Remote Hiring and the Paradox of Choice

Oh, how I love remote work. And oh, boy, I've written a lot about the topic on this blog. We all know the reasons why remote work is amazing; there's no need to rehash at this point.

But I haven't written much about the flipside, particularly the process of being hired for a remote job. If you consider how much more awesome working from your home is compared to a typical open plan nightmare, then a similar multiplier exists in the other direction for how much more frustrating a job search is for a remote job compared to a local in-person job.

Just as the abundance of remote jobs is a dream from a job seeker's perspective, the abundance of the talent pool from a hiring company's perspective leads to some annoying behavior.

There are clear comparisons to be made to the shift to online dating from "traditional" dating. As the pool of eligible participants increases, the value of each individual participant drops. And just as the modern phenomenon of "ghosting" is common in the world of online dating, it's also common in the world of remote job hunting.

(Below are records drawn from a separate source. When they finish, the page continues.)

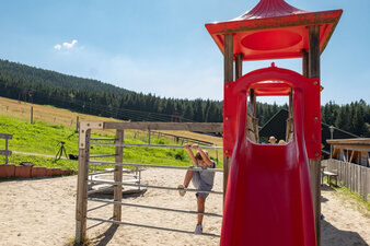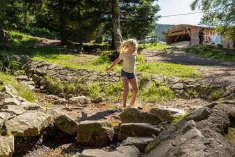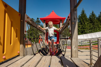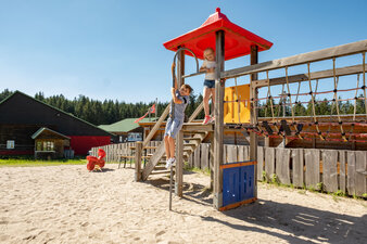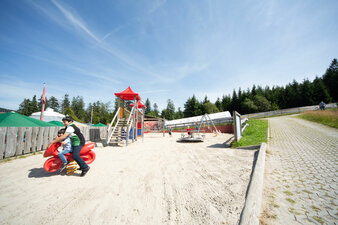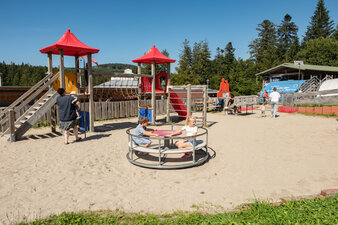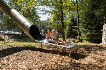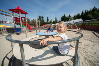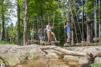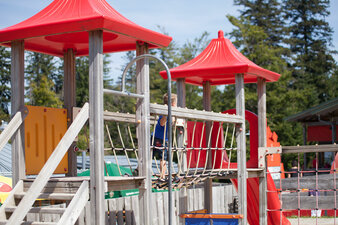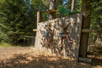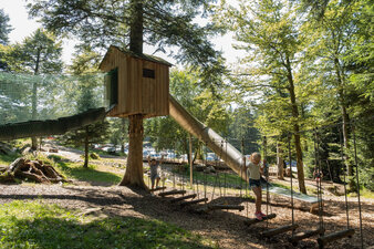 Damals mit erstellt wurde ein Abenteuerwaldspielplatz mit Wasserspiellandschaft, Baumhaus, Tarzan-Brücke, Wendelrutsche, Seilbahn und Kletterwurzeln. An Niederseilelementen können skeptische Eltern mit Ihren Kleinen ausprobieren, ob sie weitere Sphären erklimmen wollen.
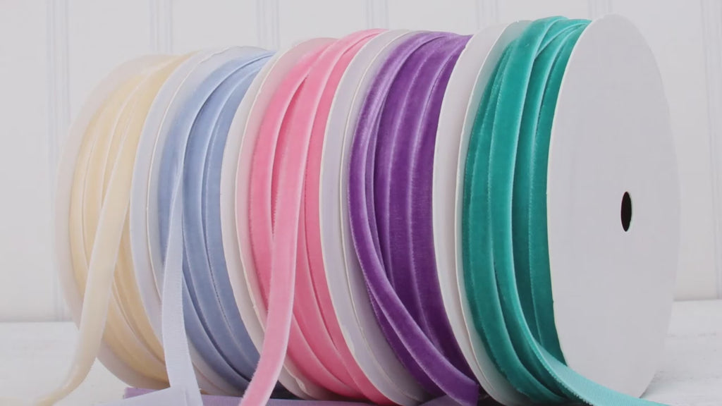 Featuring a rich, vibrant hue, this skinny 1/4" velvet ribbon is perfect for wedding bouquets, bridal showers, and enhancing the beauty of gift wrapping. Made with premium polyester, our single face ribbon has a luxurious, plush texture that adds an elegant touch to any creation.
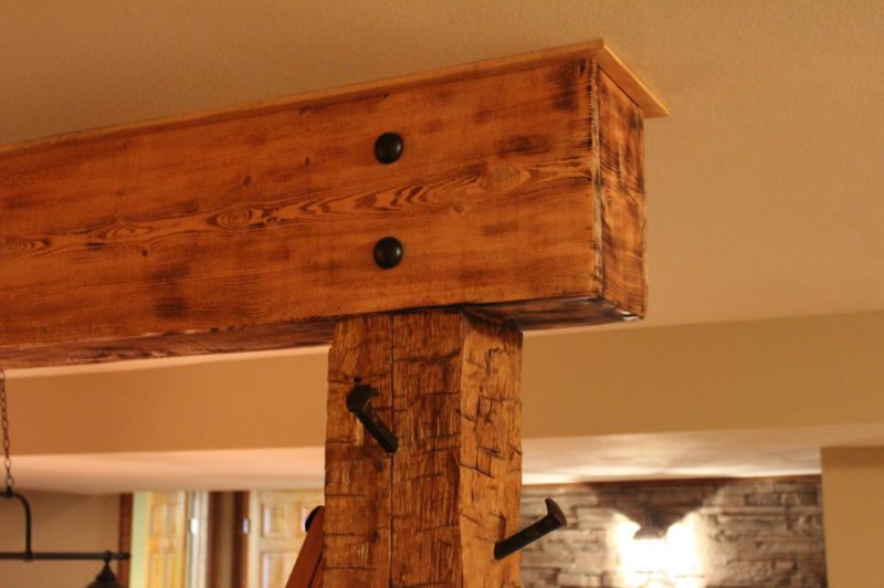 - Custom post and I beam trim and covers using white oak log and hemlock

It's way more common in a remote job search to go through multiple rounds of interviews with a company and then never hear from them again, for example. Or for recruiters to hound you on LinkedIn until you agree to a phone call, gush about the perfect fit for a role, and then never contact you again about that next meeting with the hiring manager. Follow-up emails go into a black hole. If you get feedback at all, you find out you were rejected for some seemingly minor and arbitrary shortcoming. That's just how it is when the potential talent pool for a job opening expands across a country or across the globe.

Just as I mentioned earlier a multiplier for how much better a remote job is to a traditional job, you will experience general flakiness from hiring companies at a similar multiplier. There's just something about the abstraction and lack of physical proximity between the participants that amplifies this behavior.

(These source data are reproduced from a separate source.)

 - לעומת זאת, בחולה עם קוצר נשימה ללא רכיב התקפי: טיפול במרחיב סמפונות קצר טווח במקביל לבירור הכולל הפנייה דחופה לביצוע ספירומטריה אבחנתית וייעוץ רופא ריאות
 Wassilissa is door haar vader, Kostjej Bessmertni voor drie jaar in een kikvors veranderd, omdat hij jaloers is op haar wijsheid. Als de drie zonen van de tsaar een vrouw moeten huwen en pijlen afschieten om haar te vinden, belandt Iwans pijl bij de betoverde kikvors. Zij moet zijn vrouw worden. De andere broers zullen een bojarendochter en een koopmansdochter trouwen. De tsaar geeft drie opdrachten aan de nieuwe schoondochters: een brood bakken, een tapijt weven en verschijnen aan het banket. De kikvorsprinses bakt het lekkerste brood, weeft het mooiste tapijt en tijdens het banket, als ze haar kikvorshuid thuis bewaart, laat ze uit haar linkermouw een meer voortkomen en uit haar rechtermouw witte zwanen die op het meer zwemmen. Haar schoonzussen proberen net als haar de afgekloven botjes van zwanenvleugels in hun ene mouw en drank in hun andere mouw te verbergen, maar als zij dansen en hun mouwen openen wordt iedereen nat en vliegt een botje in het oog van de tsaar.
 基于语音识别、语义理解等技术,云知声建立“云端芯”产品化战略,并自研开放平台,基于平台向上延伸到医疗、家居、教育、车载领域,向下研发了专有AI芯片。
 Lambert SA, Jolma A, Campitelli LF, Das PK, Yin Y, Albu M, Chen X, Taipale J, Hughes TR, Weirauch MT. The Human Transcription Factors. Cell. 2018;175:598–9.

And believe me, it's not just employers who are making this difficult, there's no end to the shenanigans that occur on the candidate's side. Both sides are enjoying the benefits while cursing the drawbacks.

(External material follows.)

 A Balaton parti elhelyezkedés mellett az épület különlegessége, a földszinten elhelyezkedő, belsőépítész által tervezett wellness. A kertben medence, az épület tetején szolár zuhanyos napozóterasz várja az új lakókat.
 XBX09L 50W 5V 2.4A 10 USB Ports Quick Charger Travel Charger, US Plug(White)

So let's file this post under "Advice for a Younger Me." I write this post in the same spirit as posts I wrote years ago like The Many-Worlds Interpretation of Developer Interviews and People Hire Clones of Themselves. The hiring process for software engineers seems so bizarre and arbitrary a lot of the time that it helps to remember that there are reasons for the weirdness that have nothing to do with you, and it's like this for everybody.